■ **Problem to work on**
Leaving all pictures out, output exactly and only the line containing "Reduced or no" and the lines that follow it to the end of the material below.
━━ Dataset excerpts
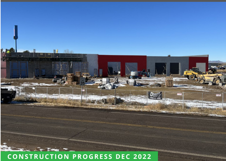
CONSTRUCTION PROGRESS DEC 2022
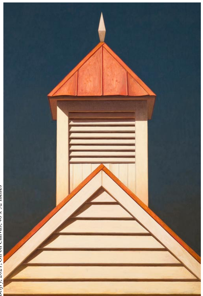
Belfry, 2021, Oil on Canvas, 48 x 32 inches
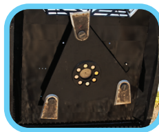
Three double-sided blades on a 3/4" thick blade carrier
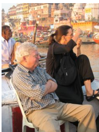
Watching bathers at sunrise in the Ganges River.

They saw the cities of Varanasi and Kochi, Kerala Backwaters, Periyar National Park, and Madurai and Mumbai, where they visited Gandhi museums.
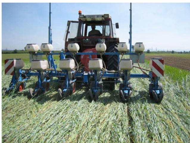
Fig. 6 Direct sowing of soybean into rye in southeastern France. This practice allows permanent soil cover and thus control weeds, decrease nutrient leaching, wind, and water erosion. Also soil organic matter is increased and higher soil biota activity achieved which leads to improved soil fertility

Reduced or no tillage practices help reduce energy inputs and thus increase cropping system efficiency. Other advantages are protecting the soil from erosion (organic matter at the soil surface), stocking organic C (less C mineralisation), and
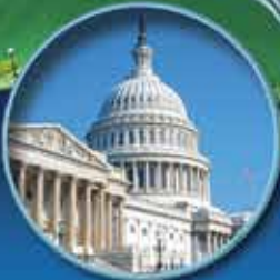
Gutterways and Flashings
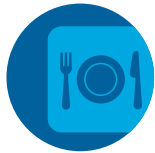
CAFETERIA / MULTI-PURPOSE ROOM
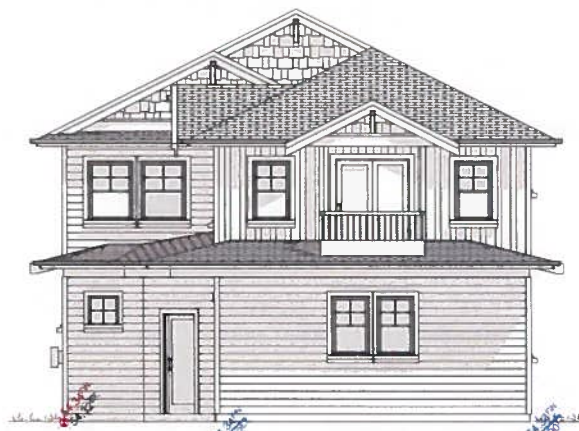
FRONT ELEVATION SCALE 1/8" = 1'-0"
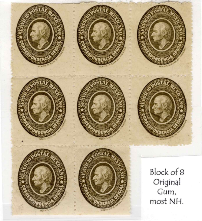
Block of 8 Original Gum, most NH.

The Olive Brown's earliest recorded cover is dated October 7, 1887. The latest is May 28, 1893.
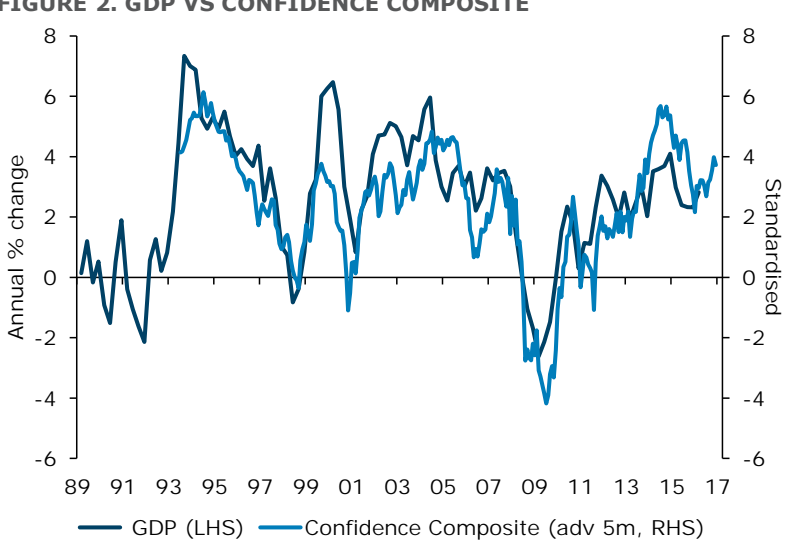
FIGURE 2. GDP VS CONFIDENCE COMPOSITE

The economy is caught between adagio and allégro. Our confidence composite gauge (which combines business and consumer sentiment into one gauge) continues to flag a solid-to-strong pace of GDP growth over the coming months. Three to four percent real GDP growth is on offer. That would mark the sixth year of economic expansion. It's looking like an allongé economic cycle.
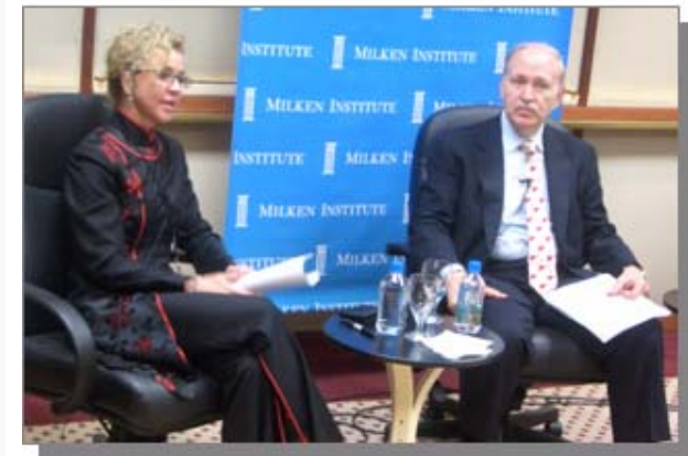
Announces China Indicators with Milken Institute

... As the Pioneers in Each of Our Service Lines
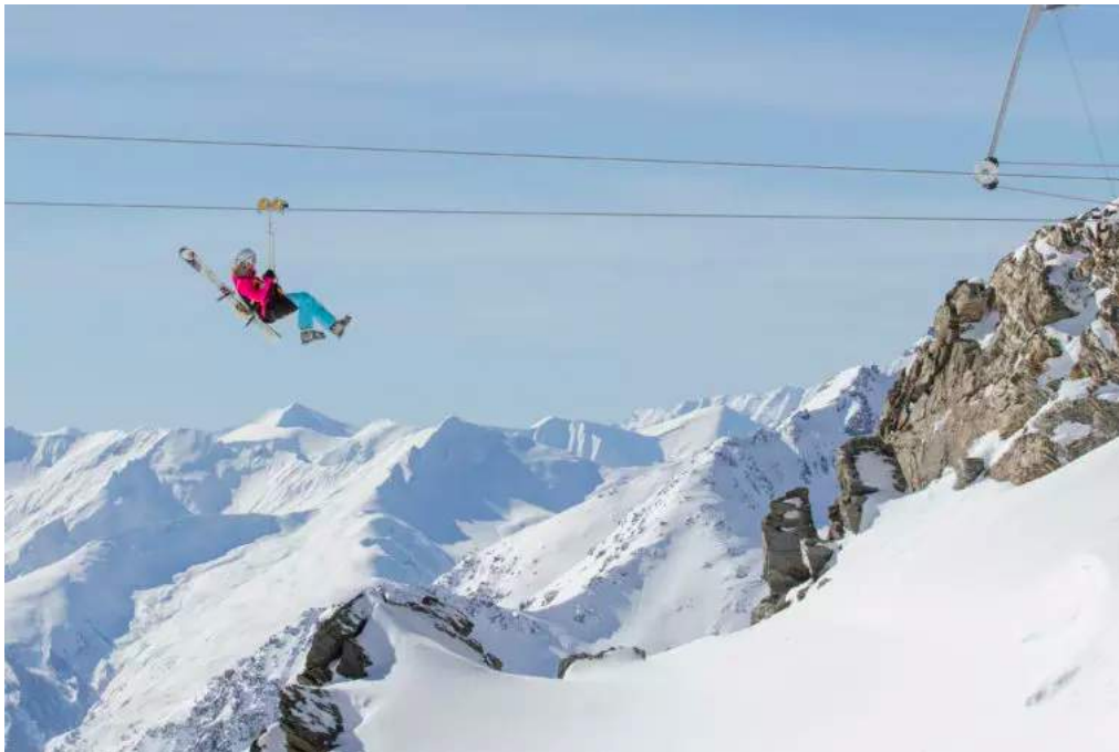
The Tyrolienne - the world's highest zip wire
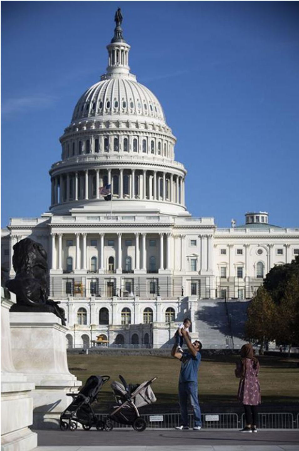
A family is seen near the U.S. Capitol in Washington Nov. 18, 2021.

Over time, I fear the backlash against overturning Roe will be large and consequential, but not necessarily in 2022.
━━━━
■ **Answer for the task**
Reduced or no tillage practices help reduce energy inputs and thus increase cropping system efficiency. Other advantages are protecting the soil from erosion (organic matter at the soil surface), stocking organic C (less C mineralisation), and
Gutterways and Flashings
CAFETERIA / MULTI-PURPOSE ROOM
FRONT ELEVATION SCALE 1/8" = 1'-0"
Block of 8 Original Gum, most NH.

The Olive Brown's earliest recorded cover is dated October 7, 1887. The latest is May 28, 1893.
FIGURE 2. GDP VS CONFIDENCE COMPOSITE

The economy is caught between adagio and allégro. Our confidence composite gauge (which combines business and consumer sentiment into one gauge) continues to flag a solid-to-strong pace of GDP growth over the coming months. Three to four percent real GDP growth is on offer. That would mark the sixth year of economic expansion. It's looking like an allongé economic cycle.
Announces China Indicators with Milken Institute

... As the Pioneers in Each of Our Service Lines
The Tyrolienne - the world's highest zip wire
A family is seen near the U.S. Capitol in Washington Nov. 18, 2021.

Over time, I fear the backlash against overturning Roe will be large and consequential, but not necessarily in 2022.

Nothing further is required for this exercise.